I had been to Milledgeville a number of times before, but it was never quite like today. The first time I visited was in 1994. It was John’s first trip, too. We drove down from Winston-Salem to attend a conference on Flannery O’Connor at Georgia College. We had both taken a seminar on O’Connor recently with Ralph Wood, our professor at Wake Forest who was delivering a keynote at the conference, and the three of us took turns driving The Professor’s boxy blue Chevrolet Impala. It was our first exposure to the world in which O’Connor lived, but it was exposure at a distance: the farmhouse where O’Connor spent the last thirteen years of her life was not open to the public, and her scrupulously private mother, Regina, still lived in town at her house on Greene Street.
The conference was a big do, and really more like a festival. We attended a reception at the old Governor’s Mansion, heard readings by Joyce Carol Oates and Lee Smith, and a performance by Leo Kottke. Throughout the event an art exhibit displayed works inspired by O’Connor’s work and commissioned for the conference, including a striking series of abstract prints on “O’Connor’s Treelines” by an artist whose name we both forgot in the intervening years. But the images of some of those prints stuck with me: the sun shaped like a turnip slowly lowering over a jagged wall of pine, a purple sky deepening over a stylized scene of a farm in ruins.
Milledgeville was once the site of the state’s mental hospital, and as a result did not enjoy the most glowing reputation within the state. It is no accident that Flannery O’Connor wrote in a world rich with society’s misfits and rejects. Andalusia, the farm where she lived with her mother on the outskirts of town, has recently reopened to the public after being gifted to Georgia College. Just off the foyer on the southwest corner of the house, the room where she wrote most of the stories and novels, letters and lectures: work that had only recently begun to completely screw me up and fundamentally alter the way I thought about everything by the time I first visited Milledgeville in 1994.

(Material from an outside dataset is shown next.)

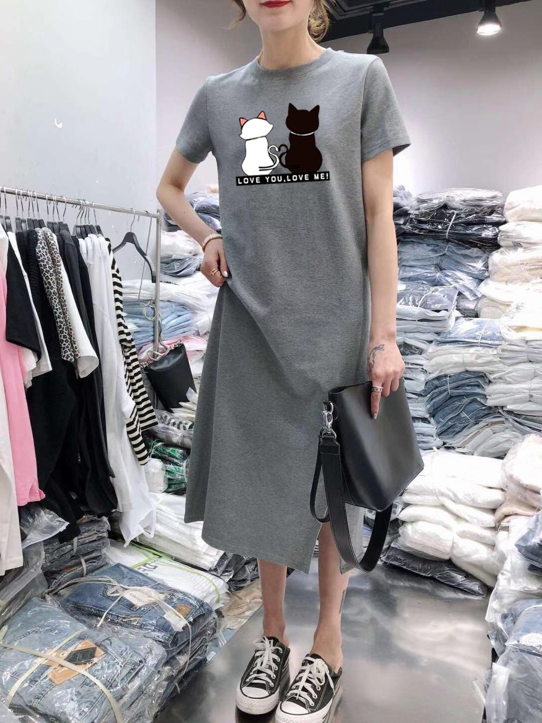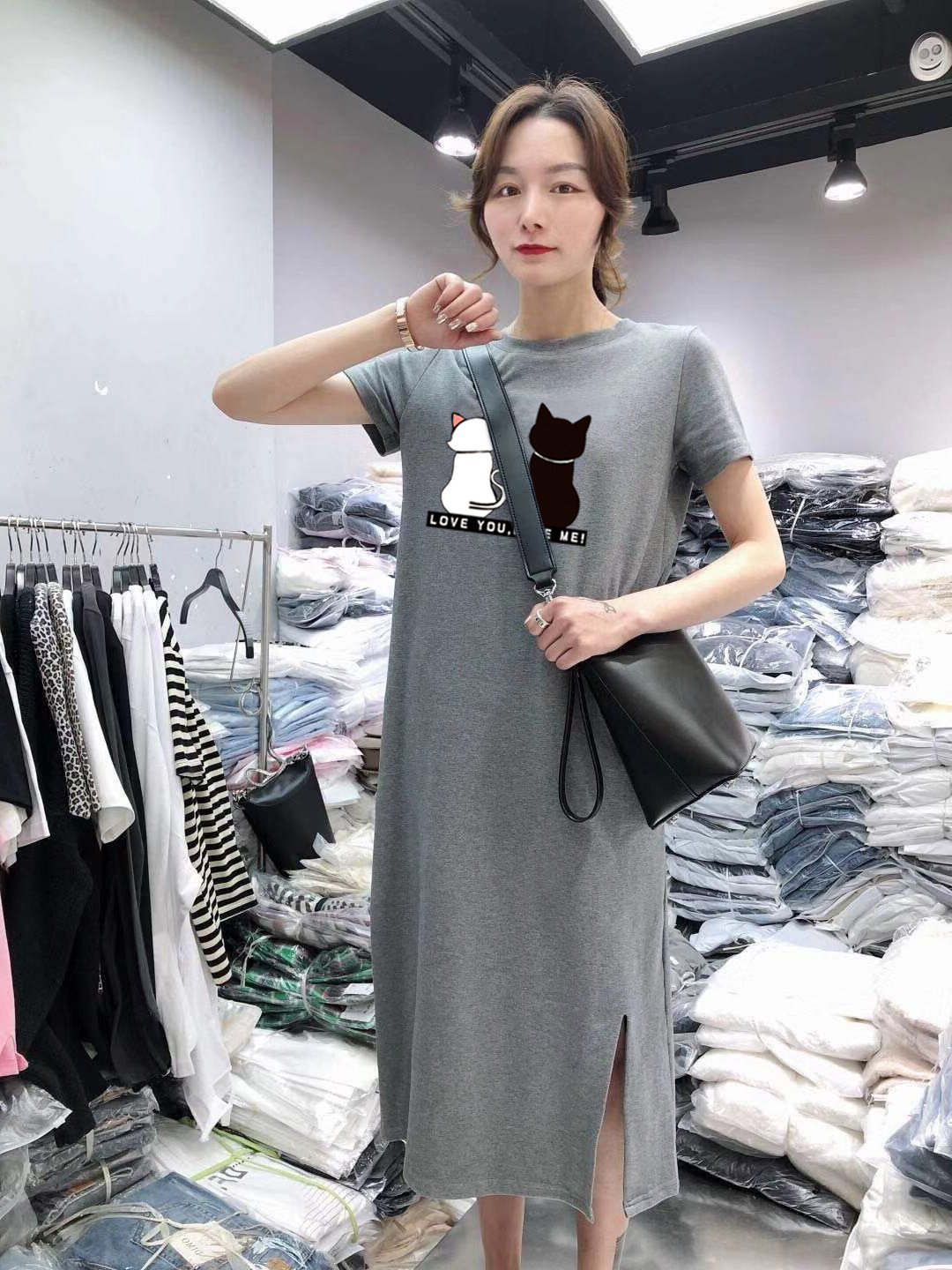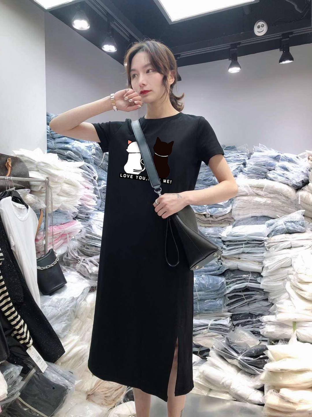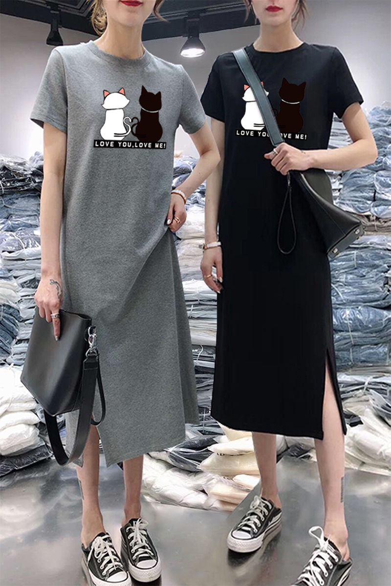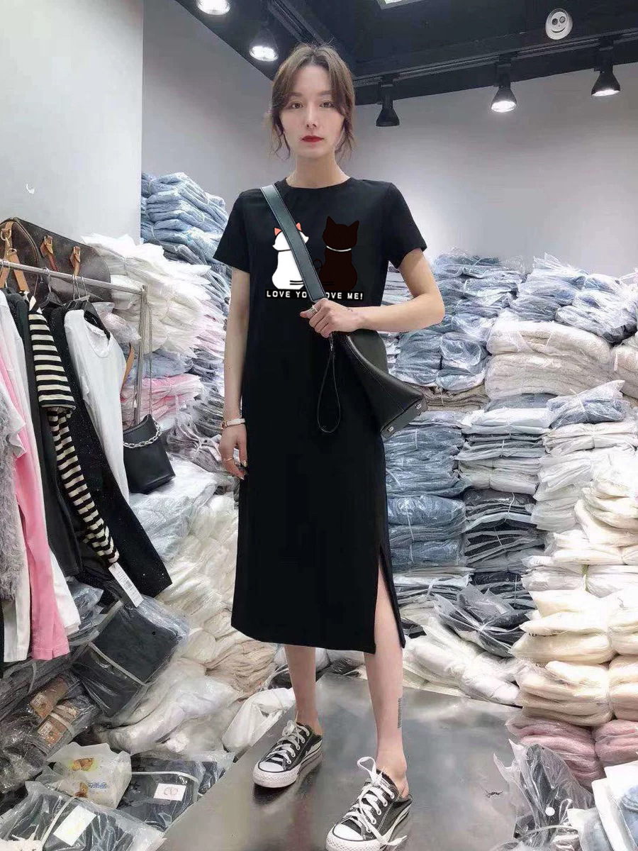새로운 스타일의 루즈핏 흑백 고양이 프린트 원피스, 패셔너블한 슬릿 디자인, 반팔 여성복, 우아한 스타일스토어 가기

Just a few feet away from the small bed where she slept, a stout oak desk supports a typewriter and two wooden boxes repurposed as shelving units. A pair of crutches are propped up against a tall armoire oddly positioned on the other side of the desk, presumably to provide shelter from wandering eyes, even now. I strain to get a decent photograph of her desk, but strain even harder to take in the enormity and consequence of what emerged from this little spo
In the gift shop in the next room, O’Connor’s books are for sale. From a newly-built picture rail made of aluminum hooks, wire, and rebar, hang—lo and behold—the last three framed prints from the “O’Connor’s Treelines” series that we remembered from 1994. Twenty-four years later, here they are, as if they were waiting just for us. Just for this trip. Because the new owners of Andalusia want to redo the gift shop, the prints have been priced to move. And that is exactly what two of them do, right into the back of the minivan.
Pulling down the driveway out of Andalusia and back out onto US 441, across the pond to the right there is a view of the woods. It is the same view Flannery had from her own window or porch. We take O'Connor's treeline with us, a constant exhortation from the back of the minivan to see what she saw.